Recordkeeping Roundcasts Episode 3: Machine learning

3127953038_9666f77a29_o

Robot | by Sebastianlund

In this episode, we conclude our three part conversation with The National Archives UK’s John Sheridan, with a chat about machine learning and its possible applications in the management and use of records.

Our thanks again to John for being generous with his time and offering us so many interesting ideas. Remember to subscribe to the TNA blog for updates on the many interesting projects underway there.

You can subscribe to this podcast series on Google Play; iTunes is having a little moment with adding new podcasts but hopefully soon.

Transcript

CF: Now, we have a short period of time remaining, so I hope I can continue for another little while with the conversation, if that’s all right with you, if you’ve still got the time.

JS: Absolutely.

CF: Excellent, very good.

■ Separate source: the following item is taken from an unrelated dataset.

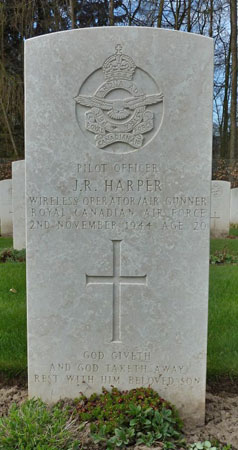 James Harper was born on 13th January 1924 in Fort William, Ontario, Canada and was the son of Lawrence Russell and Maude Isobel (nee McMillan) Harper. The family moved to Victoria, British Columbia in 1928. As a young man he worked as in a paint factory and as a car mechanic / garage attendant after leaving school. He enlisted for RCAF service in Vancouver on 25th August 1942 and after training was awarded his Wireless Operator / Air Gunner's badge on 23rd August 1943. He left for service overseas soon after and arrived in the UK on 19th September 1943, after training at 6 (O)AFU, 82 OTU and 1666 HCU he was posted to 415 Squadron on 21st July 1944. He received a backdated commission after his death to 1st November 1944.

Because this third subject is one that I think I’ve certainly noticed being discussed more and more within our profession, and indeed, there’s been some interesting experimentation happening in Australia by some former colleagues of mine. I’m talking about machine learning. So, for example, State Archives and Records New South Wales recently reported on an experiment that they ran, and I saw that the National Archives has blogged about your own experimentation. So I guess this is a pretty broad question, to find out what it is that you’ve been doing to test out machine learning and its applications for management, searching and use of records.

JS: So our primary focus is just to develop our own knowledge and understanding as an institution around machine learning approaches, capabilities, what kinds of things is this good for, what’s relatively easy for us to pick up and use. So we’ve done things like, we had inside the archive a two-day machine learning Hackathon, where running into the Hackathon, we gave primarily technical people working at the archive like a primer into the main machine learning algorithms and some of the tools you can use, some of the software libraries you can use if you want to develop a machine learning project or a machine learning-based project, and then just have people working in teams to create their own project.

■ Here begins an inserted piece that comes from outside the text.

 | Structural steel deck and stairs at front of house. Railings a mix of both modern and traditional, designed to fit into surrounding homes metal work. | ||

And we had a really amazing variety of candidate applications, whether it was trying to solve the problem of which research guide do you put against which part of the catalogue and can you use machine learning to… And we’ve got like 500 research guides, and 30 million catalogue descriptions. We’ve never been able to work out which research guide you might want to offer a user when they’re looking at a given catalogue description, and the catalogue’s too big for us to be able to manually do that. So that could be trying machine learning as a way of doing that and that actually works pretty well.

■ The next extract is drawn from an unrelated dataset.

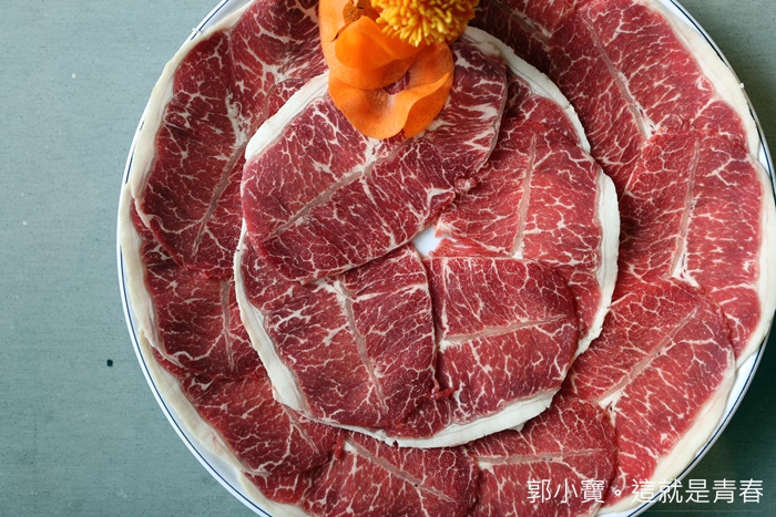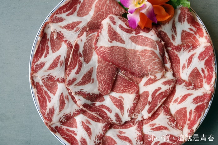 霜降牛肉的顏色看以來相當不錯,重點是牛肉不會一夾就散開,油花的紋路也不錯,看起來就滿誘人的。 |

CF: Okay, so potentially you could have a bot that popped up and said, “Oh, I see you’re interested in records of X, Y, Z. Here is a guide.” Would that be one potential use of that?

JS: Right, exactly right. With some kind of probability. So that turned out to be like a just a quick experiment, but that looks a viable area for us to explore. On the digital preservation side, we’re really interested in whether we could use machine learning to help us characterize digital objects that we can’t characterize using file format signature identification. Typically, this would be things like computer programs, they all report as text files, and signature identification is not a good way for being able to distinguish between whether you’ve got computer software that’s written in Java or C# or Python, say. And we’re particularly alive to the fact that in government, we see people increasingly producing things that have all of the characteristics of records that are computer programs or mixtures of things that are computer programs and textual content.

So, there’s a thing called R Markdown, which statisticians are using increasingly inside government, where they’re mixing Markdown textual content with statistical algorithms in R in single assets. These things have sure have many of the characteristics of records that we think are likely to be appraised and selected, so that’s a mixture of textual content and computer code. Now, signature identification is not good at identifying that kind of content. So could we use machine learning and a training set to start identifying some of these object types that signature identification doesn’t work for? And it turns out, yes, actually that works pretty well if you have a good training set. So we learnt that.

We’ve also tried machine learning, and this is where I think the strongest interest is for decision-making about selection. Now, we know that there’s a real challenge for identifying records from non-records. The classic challenge, of course, is around email, and we know that machine learning is pretty good at solving classification problems, so you can do things like, “Is this personal email? Is this business email?” And you can set up a machine learning-based approach for giving you a probabilistic insight into, “That’s almost certainly personal email, that’s almost certainly business email, that may be some kind of combination and I’m only 60% sure.”

We are, I think, reasonably confident that the future digital record of government is going to be selected through machine learning, and that that is the future for digital archives from here on in. There are some problems that current machine learning capability is well disposed to being able to address in that context of using machine learning for record selection, and business/personal email is a classic case in point. There are some things which are super hard. If the decision-making relies on knowledge of the wider context, then it’s really difficult to see, without having some kind of model for that context, how a machine learning system is going to be able to be helpful. So we’re really keen to try and understand some of those parameters and then get a sense for where do we need to lean on I suppose more traditional forms of knowledge engineering alongside some of these newer machine learning-based approaches. And that’s very much our focus, but initially, it’s very much about just building our own appreciation and know-how as an organization so that we can experiment and ask and answer some of these kinds of questions.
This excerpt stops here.